**Exercise instructions:**
Once you reach the line with "Si l'épisode y" below, copy each line exactly, stopping after the line with "Bracciale da donna", and skip any pictures.

**Supplied material:**
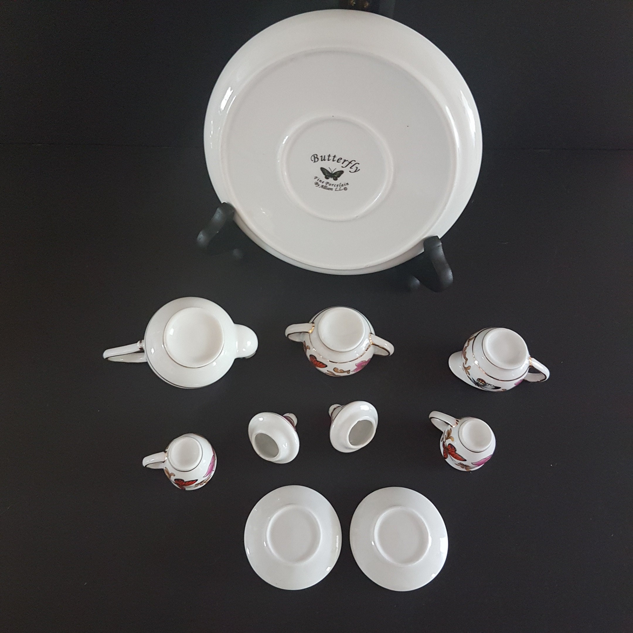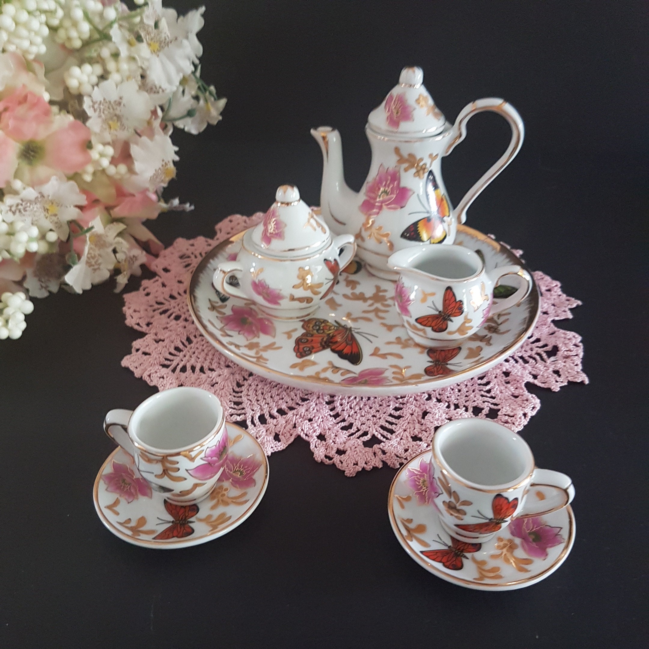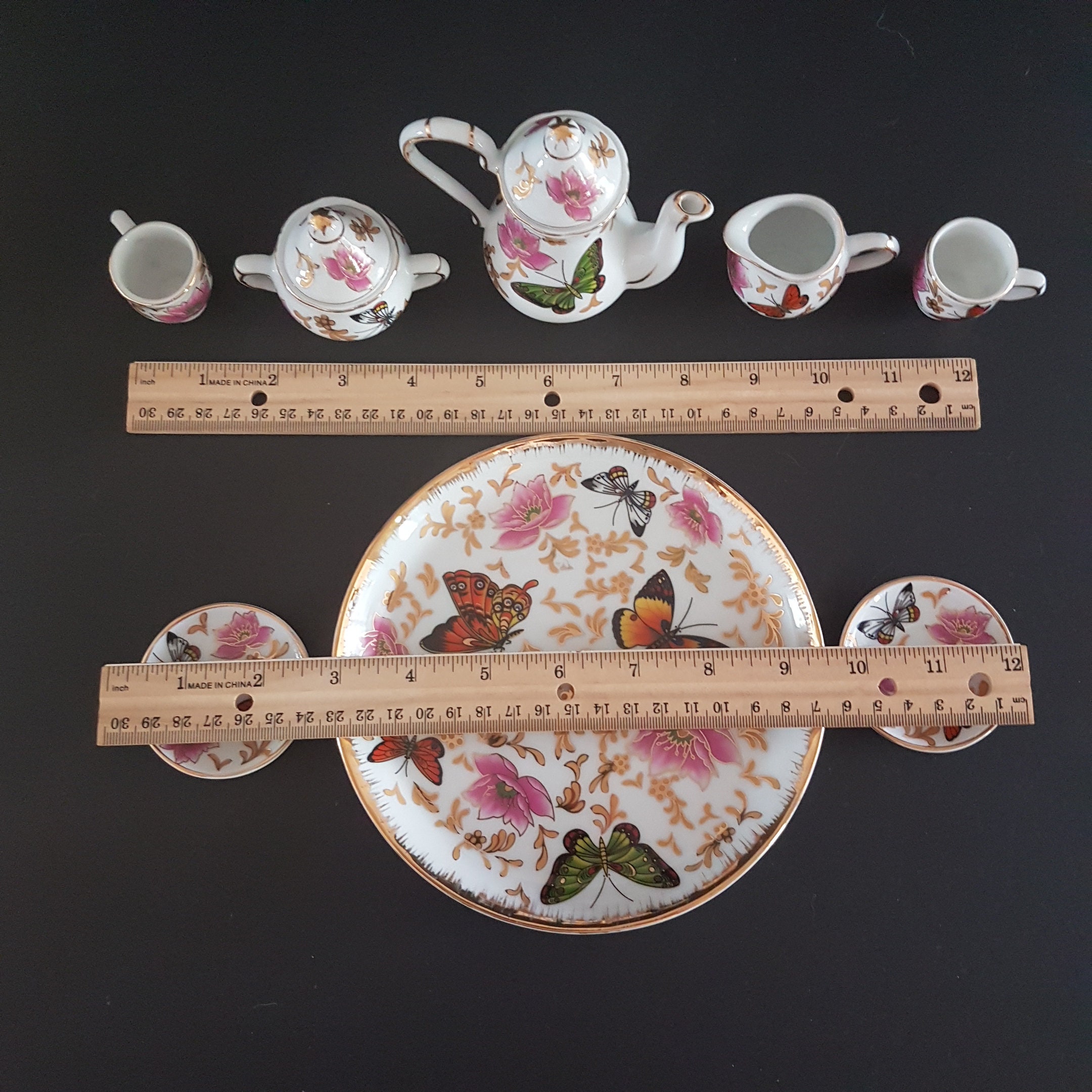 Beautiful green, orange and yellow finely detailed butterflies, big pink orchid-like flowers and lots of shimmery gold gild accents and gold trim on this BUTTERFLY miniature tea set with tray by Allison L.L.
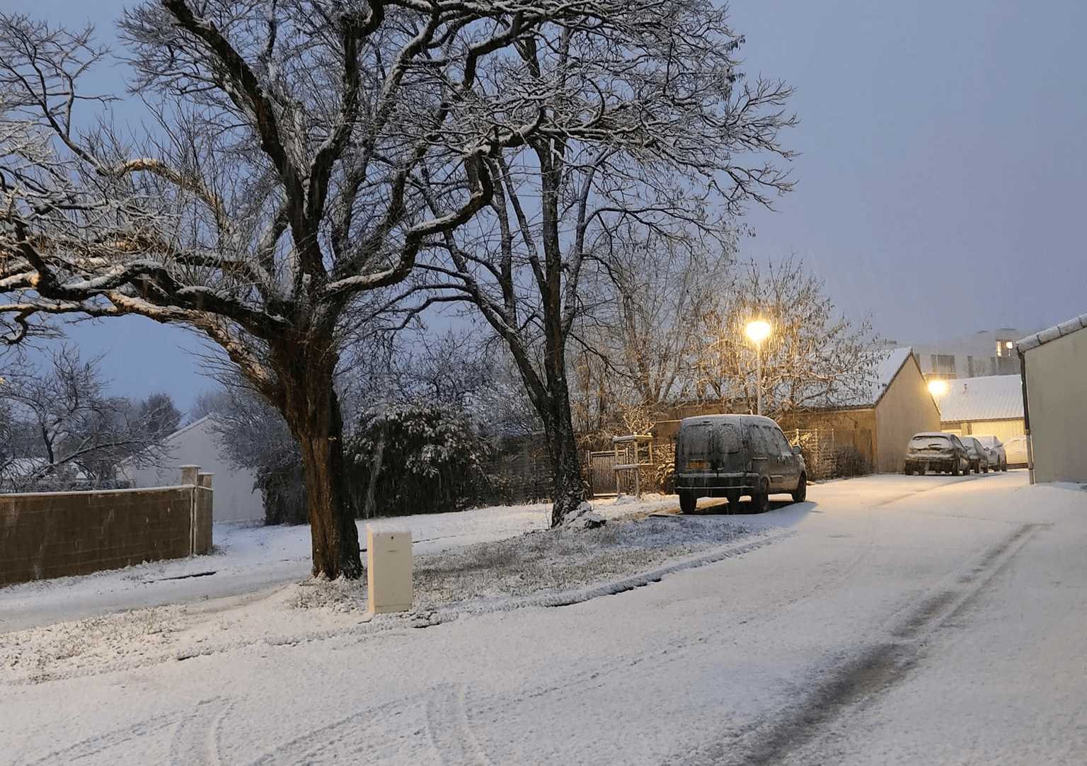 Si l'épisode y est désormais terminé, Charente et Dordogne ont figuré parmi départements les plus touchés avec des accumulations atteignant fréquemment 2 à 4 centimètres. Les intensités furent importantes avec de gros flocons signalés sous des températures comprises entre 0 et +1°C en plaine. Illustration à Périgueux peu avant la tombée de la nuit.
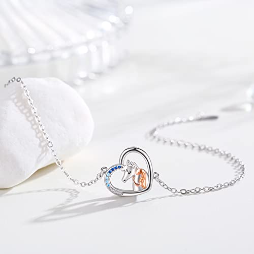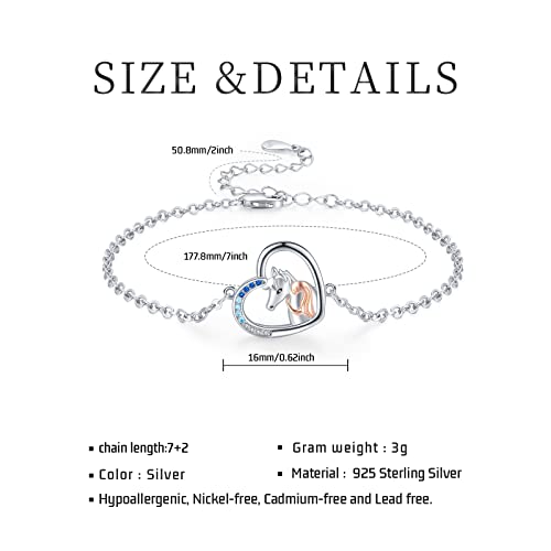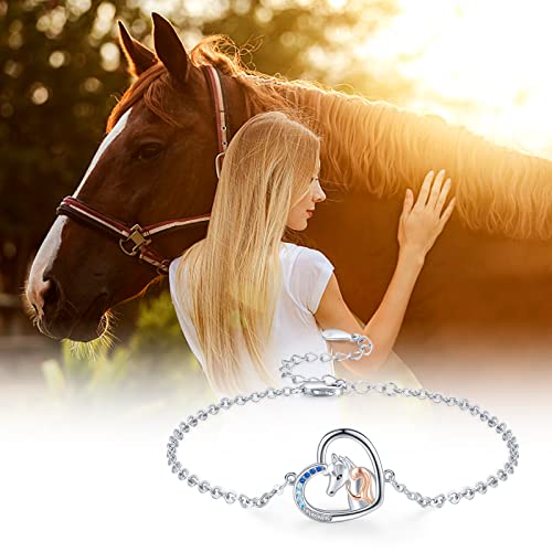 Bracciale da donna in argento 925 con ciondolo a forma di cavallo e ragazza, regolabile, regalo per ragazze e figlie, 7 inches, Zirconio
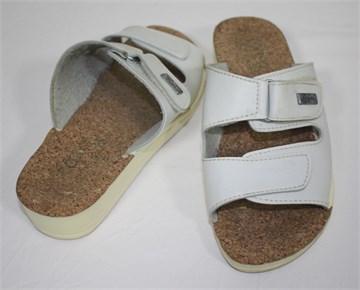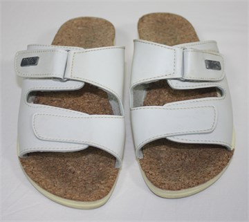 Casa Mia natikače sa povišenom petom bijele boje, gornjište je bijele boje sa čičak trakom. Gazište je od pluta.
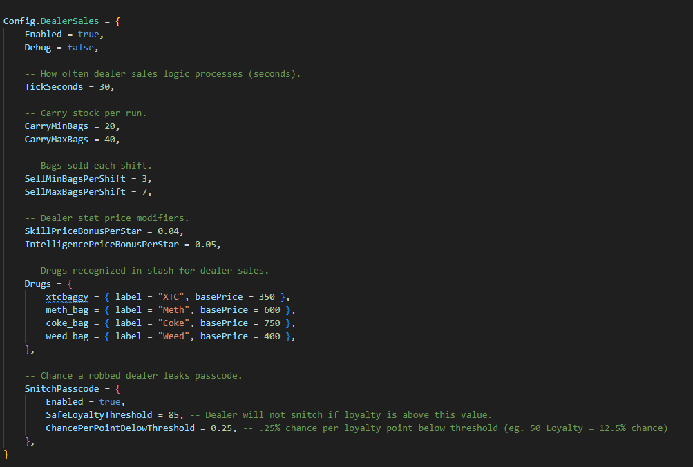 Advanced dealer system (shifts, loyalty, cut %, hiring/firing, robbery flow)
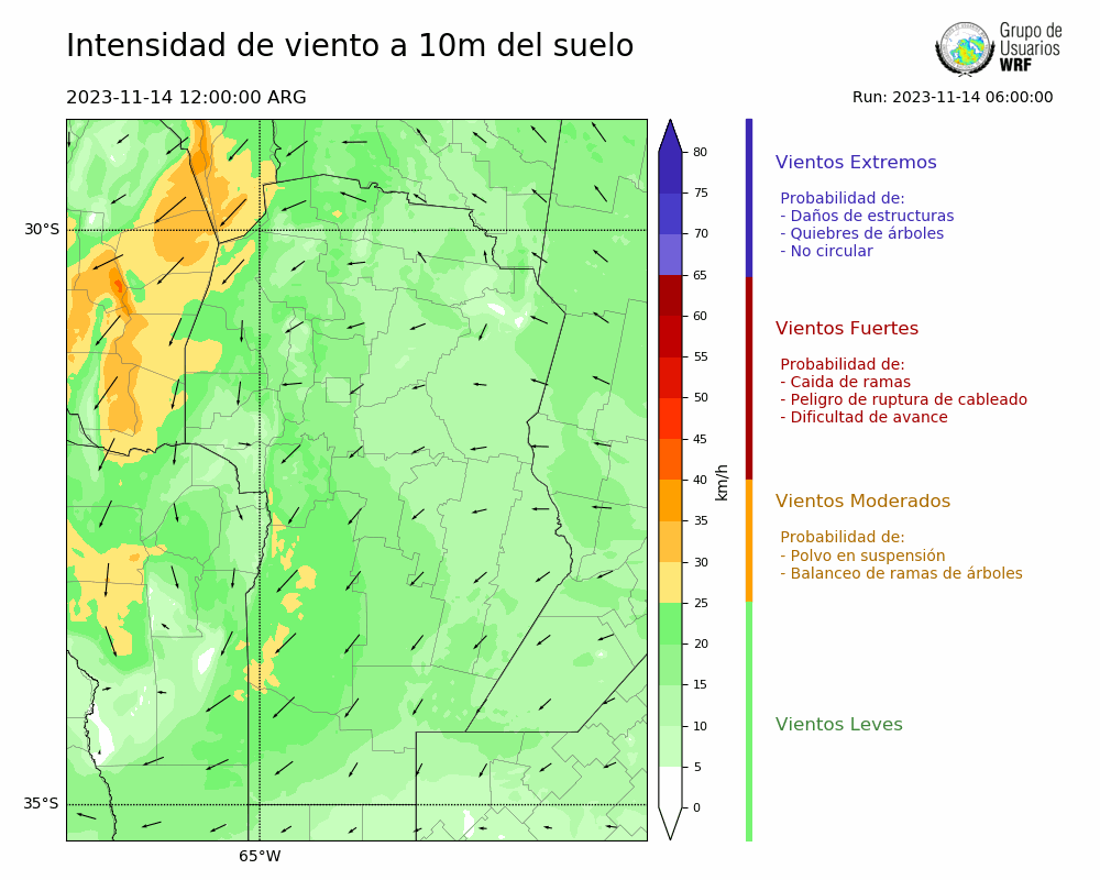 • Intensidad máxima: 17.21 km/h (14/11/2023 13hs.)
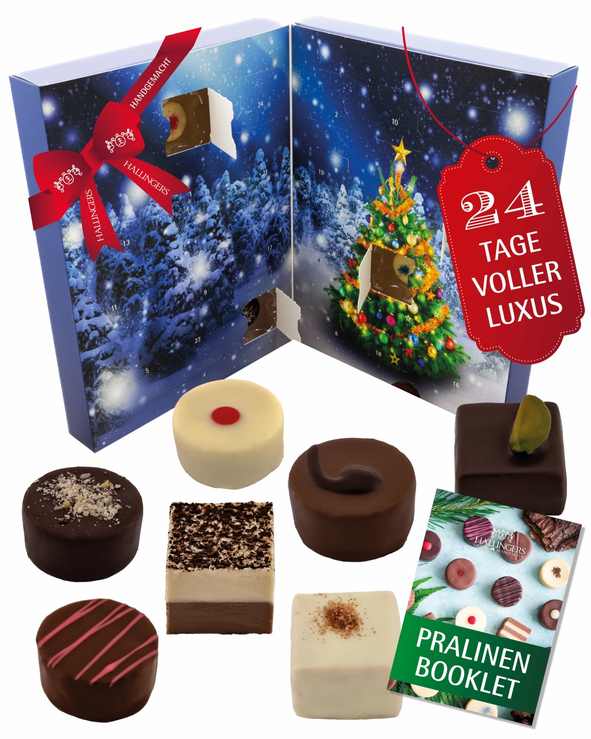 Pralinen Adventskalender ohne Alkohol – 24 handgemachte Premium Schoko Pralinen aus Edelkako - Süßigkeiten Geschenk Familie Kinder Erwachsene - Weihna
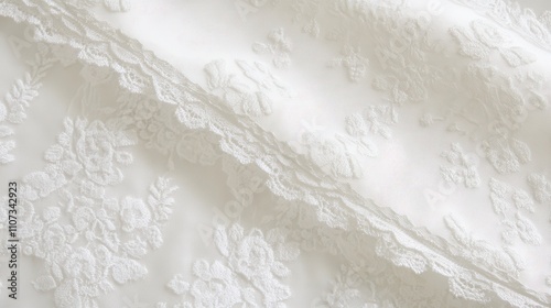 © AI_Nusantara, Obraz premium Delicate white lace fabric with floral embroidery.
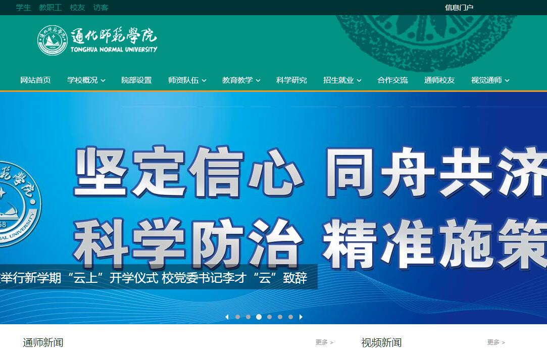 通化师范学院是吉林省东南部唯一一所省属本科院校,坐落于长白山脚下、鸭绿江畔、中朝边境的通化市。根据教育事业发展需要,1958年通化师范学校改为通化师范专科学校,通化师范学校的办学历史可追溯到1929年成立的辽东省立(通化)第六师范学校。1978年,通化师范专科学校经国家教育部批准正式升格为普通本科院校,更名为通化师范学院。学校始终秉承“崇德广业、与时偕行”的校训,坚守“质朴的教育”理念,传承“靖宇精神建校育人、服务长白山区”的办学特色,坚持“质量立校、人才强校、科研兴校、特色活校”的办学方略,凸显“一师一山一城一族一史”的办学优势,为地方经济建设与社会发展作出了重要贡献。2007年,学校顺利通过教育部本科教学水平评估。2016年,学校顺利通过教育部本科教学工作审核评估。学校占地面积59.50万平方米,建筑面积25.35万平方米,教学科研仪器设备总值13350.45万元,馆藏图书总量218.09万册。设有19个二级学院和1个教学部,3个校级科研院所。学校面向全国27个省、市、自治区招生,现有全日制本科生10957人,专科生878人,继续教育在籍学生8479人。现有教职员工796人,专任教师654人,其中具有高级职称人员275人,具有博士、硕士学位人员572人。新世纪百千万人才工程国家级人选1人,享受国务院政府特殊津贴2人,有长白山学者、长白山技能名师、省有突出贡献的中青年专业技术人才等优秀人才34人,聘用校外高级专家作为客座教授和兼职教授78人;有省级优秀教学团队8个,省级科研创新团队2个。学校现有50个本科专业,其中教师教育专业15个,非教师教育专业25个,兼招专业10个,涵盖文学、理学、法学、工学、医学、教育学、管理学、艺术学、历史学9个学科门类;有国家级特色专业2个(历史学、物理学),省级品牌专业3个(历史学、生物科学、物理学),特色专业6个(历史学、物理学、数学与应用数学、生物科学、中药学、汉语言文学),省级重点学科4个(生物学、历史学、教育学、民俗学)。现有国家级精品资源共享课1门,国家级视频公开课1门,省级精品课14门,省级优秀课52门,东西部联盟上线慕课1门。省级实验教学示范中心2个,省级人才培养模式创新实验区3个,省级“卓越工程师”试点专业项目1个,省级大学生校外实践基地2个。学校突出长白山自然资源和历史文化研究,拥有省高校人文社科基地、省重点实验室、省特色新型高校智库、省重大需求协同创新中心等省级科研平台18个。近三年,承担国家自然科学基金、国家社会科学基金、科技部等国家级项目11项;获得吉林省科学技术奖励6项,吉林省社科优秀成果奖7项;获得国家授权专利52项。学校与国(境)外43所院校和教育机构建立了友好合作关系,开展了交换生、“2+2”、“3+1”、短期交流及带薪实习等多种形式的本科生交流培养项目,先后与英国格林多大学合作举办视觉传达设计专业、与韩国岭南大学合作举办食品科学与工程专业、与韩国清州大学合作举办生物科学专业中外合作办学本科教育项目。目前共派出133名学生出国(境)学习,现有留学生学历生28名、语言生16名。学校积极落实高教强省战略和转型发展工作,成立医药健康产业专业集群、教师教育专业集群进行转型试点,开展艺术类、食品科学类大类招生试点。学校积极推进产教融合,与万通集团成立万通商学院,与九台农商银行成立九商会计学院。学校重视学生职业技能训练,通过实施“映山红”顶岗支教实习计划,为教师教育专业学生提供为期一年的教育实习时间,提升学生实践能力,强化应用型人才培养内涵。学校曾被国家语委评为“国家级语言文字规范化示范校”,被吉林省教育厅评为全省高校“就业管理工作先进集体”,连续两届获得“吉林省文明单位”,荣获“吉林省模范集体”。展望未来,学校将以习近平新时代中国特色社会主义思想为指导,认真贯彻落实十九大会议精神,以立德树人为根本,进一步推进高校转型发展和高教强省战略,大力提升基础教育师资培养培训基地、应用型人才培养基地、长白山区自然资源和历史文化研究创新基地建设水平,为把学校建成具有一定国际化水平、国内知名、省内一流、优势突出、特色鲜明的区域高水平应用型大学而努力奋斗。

**Result:**
 Si l'épisode y est désormais terminé, Charente et Dordogne ont figuré parmi départements les plus touchés avec des accumulations atteignant fréquemment 2 à 4 centimètres. Les intensités furent importantes avec de gros flocons signalés sous des températures comprises entre 0 et +1°C en plaine. Illustration à Périgueux peu avant la tombée de la nuit.
 Bracciale da donna in argento 925 con ciondolo a forma di cavallo e ragazza, regolabile, regalo per ragazze e figlie, 7 inches, Zirconio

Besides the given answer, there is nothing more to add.